● **Work to complete**:
Each record is to be copied exactly, with its pictures left behind.

■ ■ ■ ■

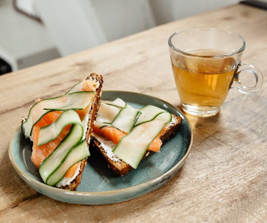 Qui dit high tea dit mini sandwiches. Le thé noir, par exemple Darjeeling, s’accorde à merveille aux pâtisseries, scones, chocolats et tartes, et aux plats légers comme les sandwiches au concombre et saumon. Bien sûr, vous pouvez aussi servir cette combinaison dans le cadre d’un repas avec accords thé et mets.
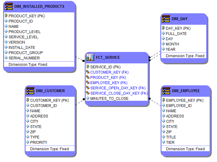 This represents a service transaction on a product, for example's sake it doesn't matter what kind of service, just that a transaction at a point in time involved a customer's product. We have the product being serviced, the customer who owns the product, the employee who serviced the product and when the service took place. Now, deriving a dimensional schema from this appears rather simple, and would probably look something like this:
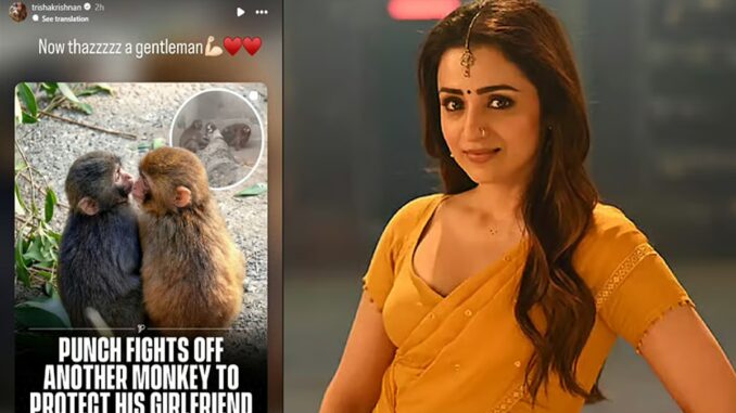 இந்நிலையில் நடிகை திரிஷா இன்ஸ்டா ஸ்டோரி பதிவு வைரலாகியுள்ளது. ‘பன்ச்’ குரங்குக்கு புது தோழி கிடைத்திருக்கும் நிலையில், அதை காப்பாற்ற மற்றொரு குரங்குடன் ‘பன்ச்’ சண்டை போட்ட லேட்டஸ்ட் வீடியோவுக்கு தான் திரிஷா கமெண்ட் செய்து இருக்கிறார். அதில் “Now that’s a gentleman 💪❤️” என்று கமெண்ட் செய்துள்ளார்.
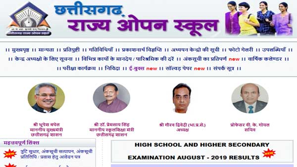 The results were declared by the Chhattisgarh State Open School Board. The exams were held on August 2019.
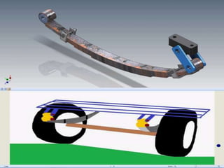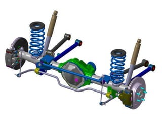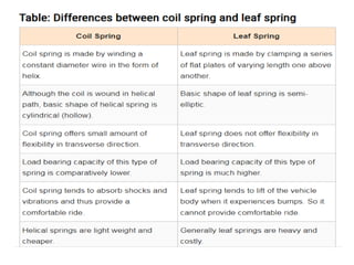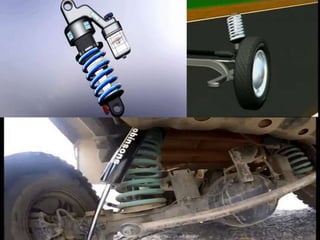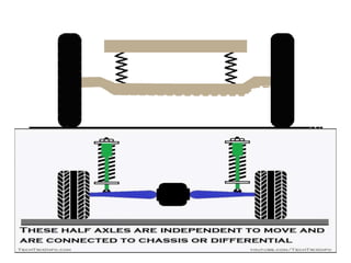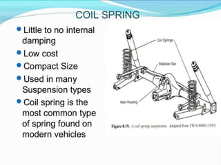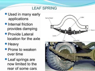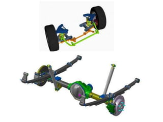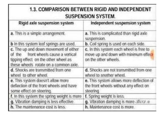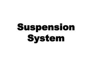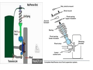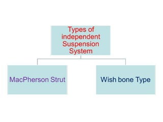 The document discusses different types of suspension systems used in vehicles. It describes non-independent suspension which connects both wheels to the same solid axle, causing one wheel's movement to affect the other. Independent suspension allows each wheel to move independently with minimal effect on the other. Common systems include MacPherson strut suspension which uses a strut and control arm, and double wishbone suspension which uses upper and lower control arms to connect each wheel to the frame. Air suspension replaces metal springs with air bags or bellows to provide a smooth, adjustable ride.
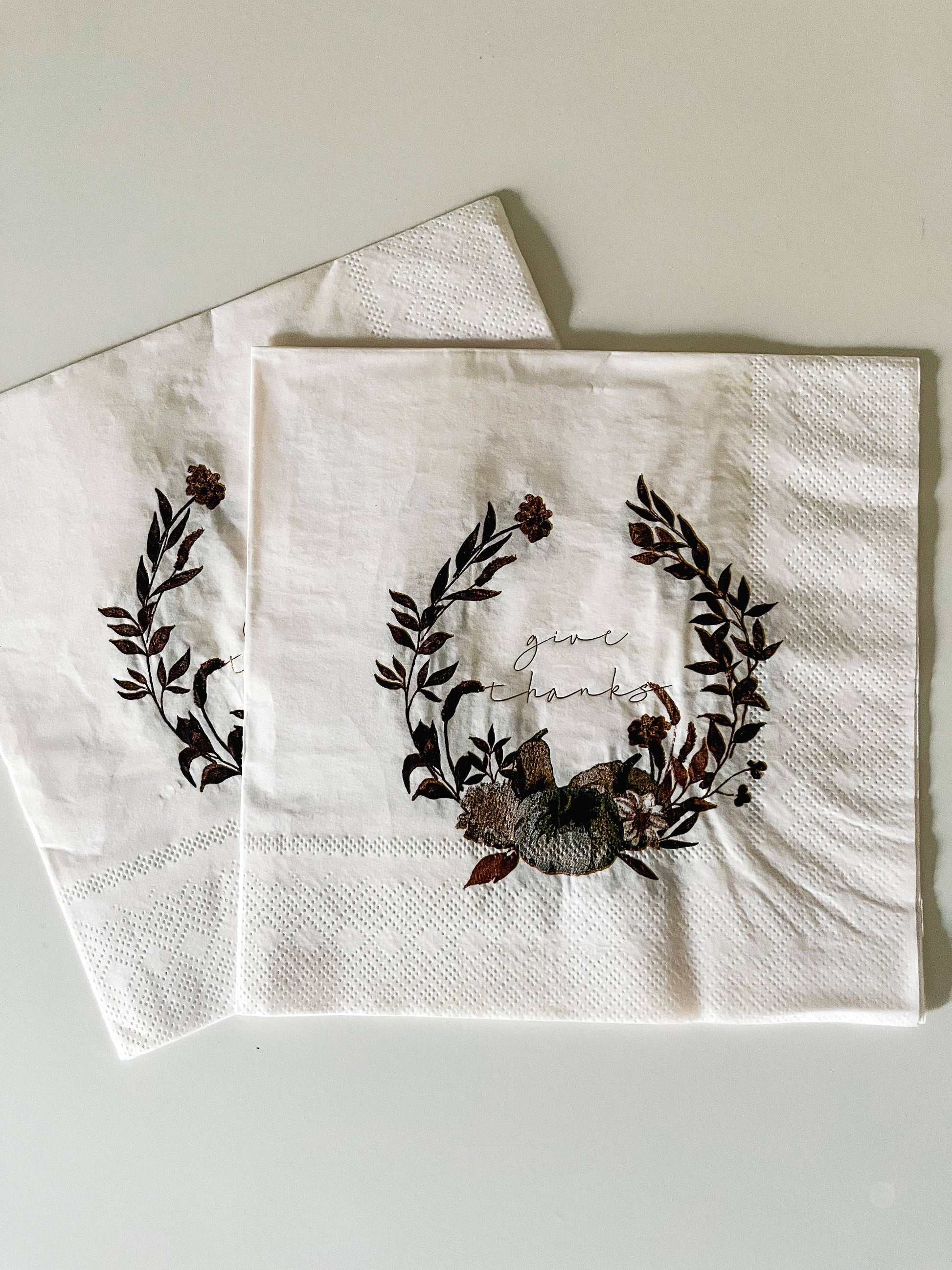 Cream, pumpkin dinner napkins with fall floral, stunning watercolor pumpkins, gold foil "give thanks" script.
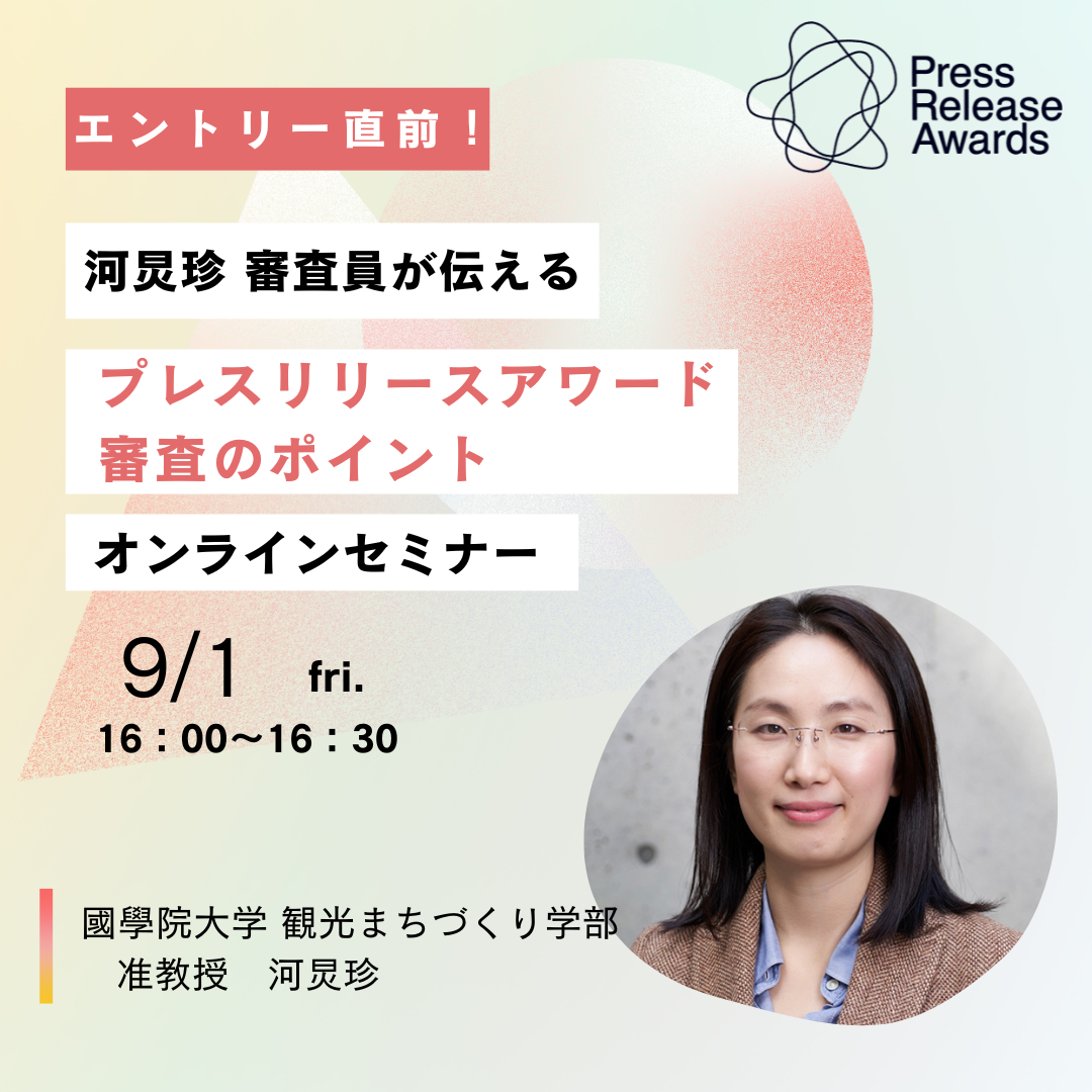 さらに9月1日(金)に、初年度より審査員を務める河炅珍氏によるプレスリリースアワードエントリーに向けた審査のポイントを解説するセミナーを実施いたします。昨年受賞プレスリリースの解説、プレスリリースアワード審査会で議論されている点などお話いただきます(セミナー参加方法は後述します)。

■ ■ ■ ■

● **Solution for this task**:
 Qui dit high tea dit mini sandwiches. Le thé noir, par exemple Darjeeling, s’accorde à merveille aux pâtisseries, scones, chocolats et tartes, et aux plats légers comme les sandwiches au concombre et saumon. Bien sûr, vous pouvez aussi servir cette combinaison dans le cadre d’un repas avec accords thé et mets.
 This represents a service transaction on a product, for example's sake it doesn't matter what kind of service, just that a transaction at a point in time involved a customer's product. We have the product being serviced, the customer who owns the product, the employee who serviced the product and when the service took place. Now, deriving a dimensional schema from this appears rather simple, and would probably look something like this:
 இந்நிலையில் நடிகை திரிஷா இன்ஸ்டா ஸ்டோரி பதிவு வைரலாகியுள்ளது. ‘பன்ச்’ குரங்குக்கு புது தோழி கிடைத்திருக்கும் நிலையில், அதை காப்பாற்ற மற்றொரு குரங்குடன் ‘பன்ச்’ சண்டை போட்ட லேட்டஸ்ட் வீடியோவுக்கு தான் திரிஷா கமெண்ட் செய்து இருக்கிறார். அதில் “Now that’s a gentleman 💪❤️” என்று கமெண்ட் செய்துள்ளார்.
 The results were declared by the Chhattisgarh State Open School Board. The exams were held on August 2019.
 The document discusses different types of suspension systems used in vehicles. It describes non-independent suspension which connects both wheels to the same solid axle, causing one wheel's movement to affect the other. Independent suspension allows each wheel to move independently with minimal effect on the other. Common systems include MacPherson strut suspension which uses a strut and control arm, and double wishbone suspension which uses upper and lower control arms to connect each wheel to the frame. Air suspension replaces metal springs with air bags or bellows to provide a smooth, adjustable ride.
 Cream, pumpkin dinner napkins with fall floral, stunning watercolor pumpkins, gold foil "give thanks" script.
 さらに9月1日(金)に、初年度より審査員を務める河炅珍氏によるプレスリリースアワードエントリーに向けた審査のポイントを解説するセミナーを実施いたします。昨年受賞プレスリリースの解説、プレスリリースアワード審査会で議論されている点などお話いただきます(セミナー参加方法は後述します)。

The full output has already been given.